Solanesol protects human hepatic L02 cells from ethanol-induced oxidative injury via upregulation of HO-1 and Hsp70

• Solanesol induces HO-1 and Hsp70 expression which activate Nrf2 and HSF1.
• Solanesol induces Nrf2 by enhancement of Keap1 interaction with Hsp90.
• Solanesol-activated HSF1 is involved in chaperones interaction.
• Solanesol inhibits LDH, AST, MDA and ROS level, but increases the GSH level.
• Solanesol promotes tBHQ-mediated protective effects.
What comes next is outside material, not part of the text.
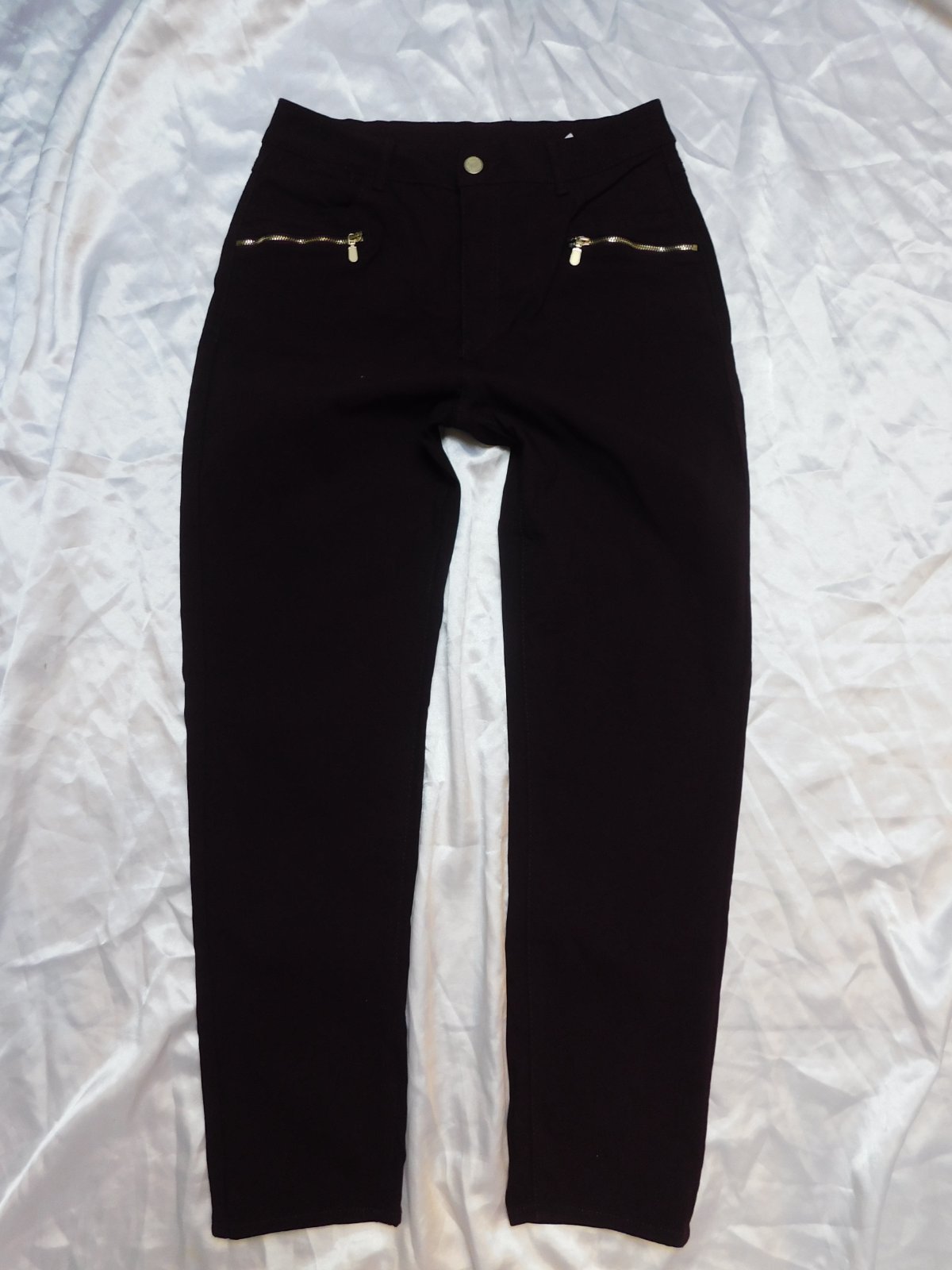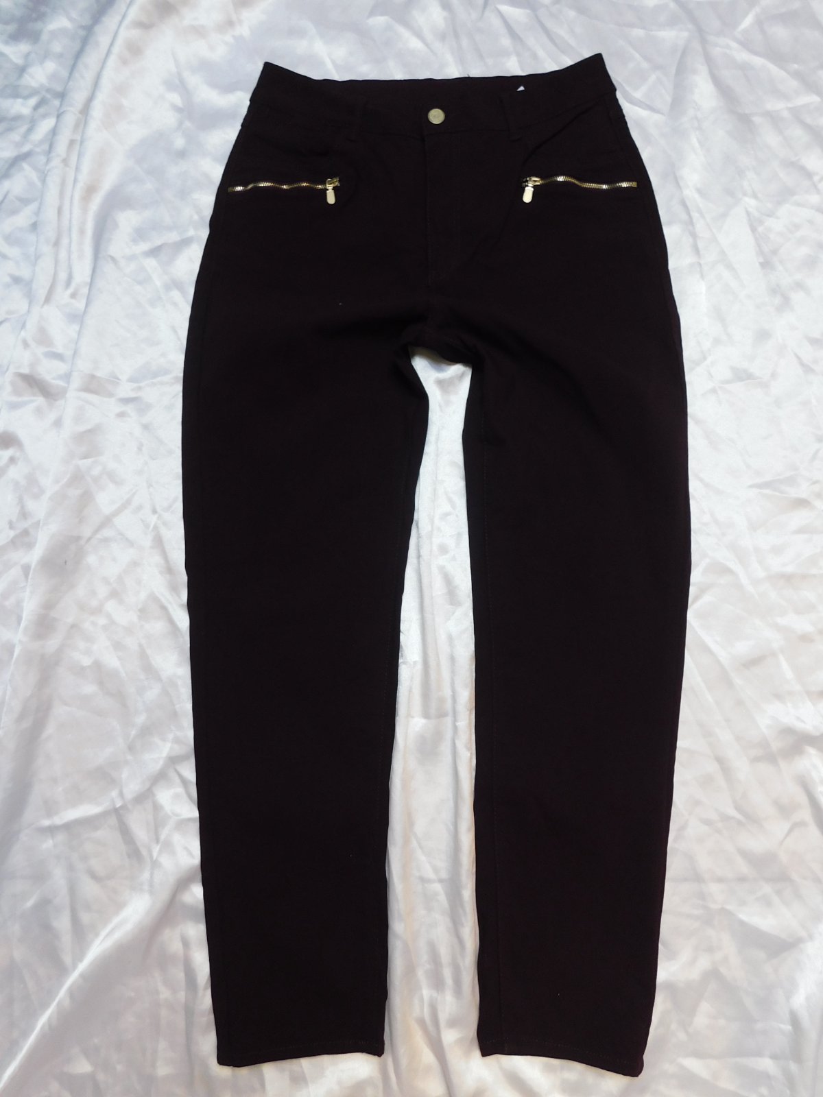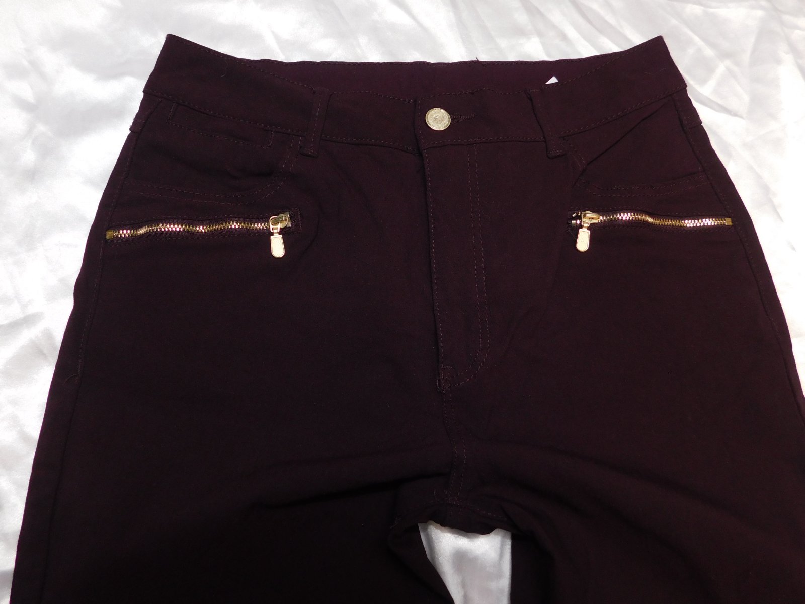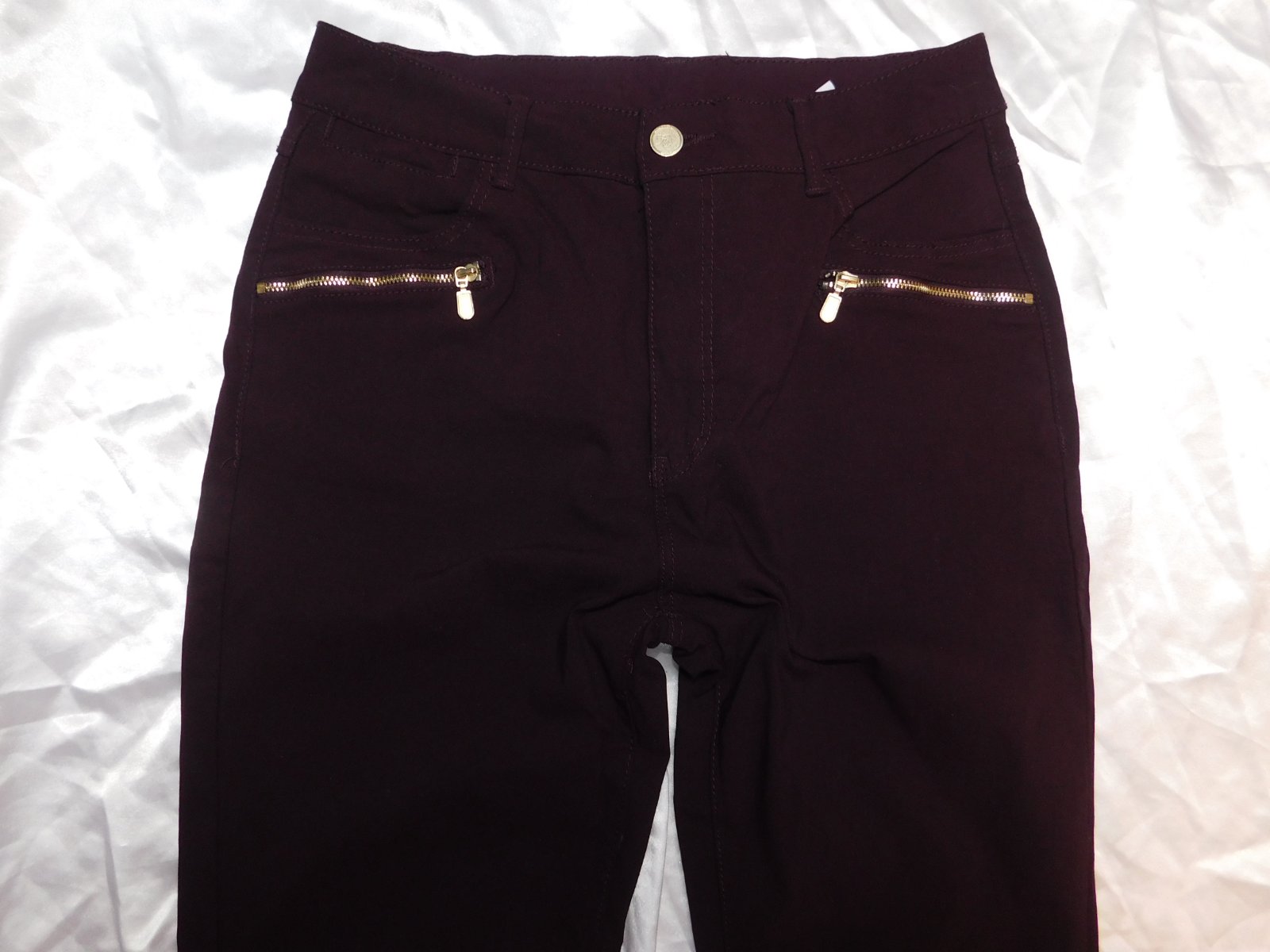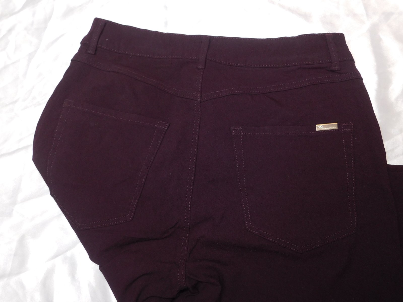 FLASH WOMAN Damske kvalitne strečove rifle bordovej farby,prisposobive.77%viskoza,20%polyester,3%elastan.ako nove. se35

In present study, we showed that the mRNA and protein levels of HO-1 and Hsp70 in solanesol-treated L02 cells were significantly increased. The induction of the HO-1 by solanesol is majorly achieved via enhancing the nuclear translocation and transactivity of Nrf2 through enhancement of Hsp90–Keap1 interaction, while solanesol-elevated Hsp70 is related with promoting the nuclear translocation of HSF1 through the involvement of chaperones interaction. Furthermore, the induction of HO-1 and Hsp70 by solanesol could protect against ethanol-induced liver injury, including significantly suppressing the elevation of the activities of LDH and AST, attenuating ethanol-induced increase of the MDA, ROS level and decrease of the GSH level. Moreover, solanesol also suppressed ethanol-induced apoptosis of L02 cells by inhibition of nuclear morphological damage, procaspase 3 and cleavage of caspase 3 and PARP, suggesting solanesol may be beneficial against ALD. Solanesol also promoted tBHQ-mediated protective effects. However, treatment cells with SnPP or PES markedly abrogated the protective effects of solanesol on ethanol-induced cell injury. These results strongly suggested that solanesol could protect ethanol-induced L02 cell damage, which might be attributed to the activation of HO-1 and Hsp70.